GlideSlope
- Type: LLC
- Industry: Sports
- Genre: Sports business consulting
- Founded: 2010
- Founder: David Fuller, Dave Mingey, Eric Guthoff
- Defunct: 2017
- Fate: Acquired by CSM Sport & Entertainment
- Headquarters: 133 West 19th Street, 6th Floor, New York, NY 10011, United States
- Key people: David Fuller, Dave Mingey, Eric Guthoff, Tori Stevens
- Website: theglideslope.com

= GlideSlope =

Firm in New York city

GlideSlope is a management consulting firm involved in global sport. GlideSlope was founded in 2010 and currently headquartered in New York City. In April 2017, GlideSlope was acquired by CSM Sport & Entertainment.

==Description==
GlideSlope specializes in advising brands on strategies to "leverage global sport as a business driver". It maintains a neutral point of view by not participating in any sponsorship sales, activation, or the representation of athletes.

The company’s services include sport strategy, learning lab workshops, intelligence reporting, analytical insights, opportunity analysis, measurement, and stakeholder integration.

==History==
GlideSlope was founded by three partners – David Fuller, Dave Mingey and Eric Guthoff – in 2010. Headquartered in DUMBO, Brooklyn. Within two years, the company would establish its headquarters in Manhattan, building out the entire floor of 133 West 19th street.

In 2011, GlideSlope formed a joint venture with Helios Partners, an international sports marketing agency owned by French media and event company, the Armoury Group. The JV, named HGS, came a year after the two companies partnered to become the Olympic agency of record for Dow Chemical.

In 2014, Helios and GlideSlope ended their partnership and GlideSlope retained Dow’s Olympic business.

GlideSlope worked extensively with brands to better understand sports and social unrest, particularly in the lead-up to the 2014 World Cup and the 2016 Summer Olympics, both hosted in Brazil.

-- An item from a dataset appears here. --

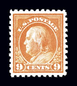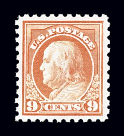 567 nh 432 image#432, 9c Salmon red, remarkably well centered within extra-large margins, bright vibrant color on fresh paper, even and intact perforations all around, pristine o.g., n.h., extremely fine; seldom encountered in this gem never hinged condition; 2003 PSE certificate. (Image) $105.00
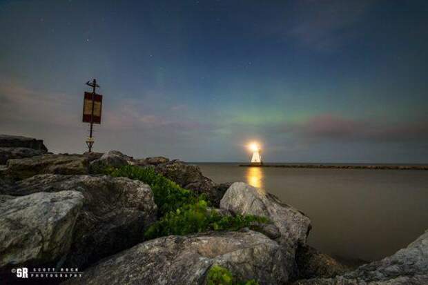 Full moon G3 Aurora captured over the Range Lighthouse where the #SaugeenRiver meets LakeHuron in Southampton Ontario Canada August 26, 2018 (Source/ @scottrockphoto)

Currently, GlideSlope is advising Citi on their global sports sponsorship, which includes USOC and NBC sponsorship. Other clients –past and present - include Procter & Gamble, Dow, McDonald’s, The North Face, Johnson & Johnson, Bridgestone, GoPro, USG, Gatorade, Pepsi and ABInBev. GlideSlope also selected A Ganar – a Partners of the Americas organization – as a pro bono client.

In March 2015, GlideSlope hosted a panel at the annual South by Southwest Interactive in Austin, Texas. The “Sport for Development: Affecting Societal Change” panel included GlideSlope president, Dave Mingey, Olympic gold medalist, Joey Cheek, director of Laureus Sport for Good Foundation, Matt Geschke, and director of sport for development at Partners of the Americas, Paul Teeple.

GlideSlope was acquired by CSM Sport & Entertainment in 2017.

==Academic partnerships==
- NYU
- University of Oregon Warsaw Marketing Center

==Founders==

David Fuller is a business strategist and marketing executive. He has held executive positions in strategy and operations at Ogilvy and R/GA, and was a partner at Mother New York, where he worked on experiential marketing. He has managed advertising, digital, and social media campaigns for brands including Virgin, Dell, Nike, Walmart, and Jaguar Cars.

Dave Mingey was a VP of marketing at Pepsi-Cola and also the director of global Olympic marketing for Johnson & Johnson from 2005 to 2009. In 2009, Sports Business Journal named him one of “Forty-Under-Forty” top sports executives.

Eric Guthoff was a global director at IMG in their Olympic Consulting Division. Sports Business Journal named him to the “Forty-Under-Forty” class of 2015, as a top sports executive in the industry.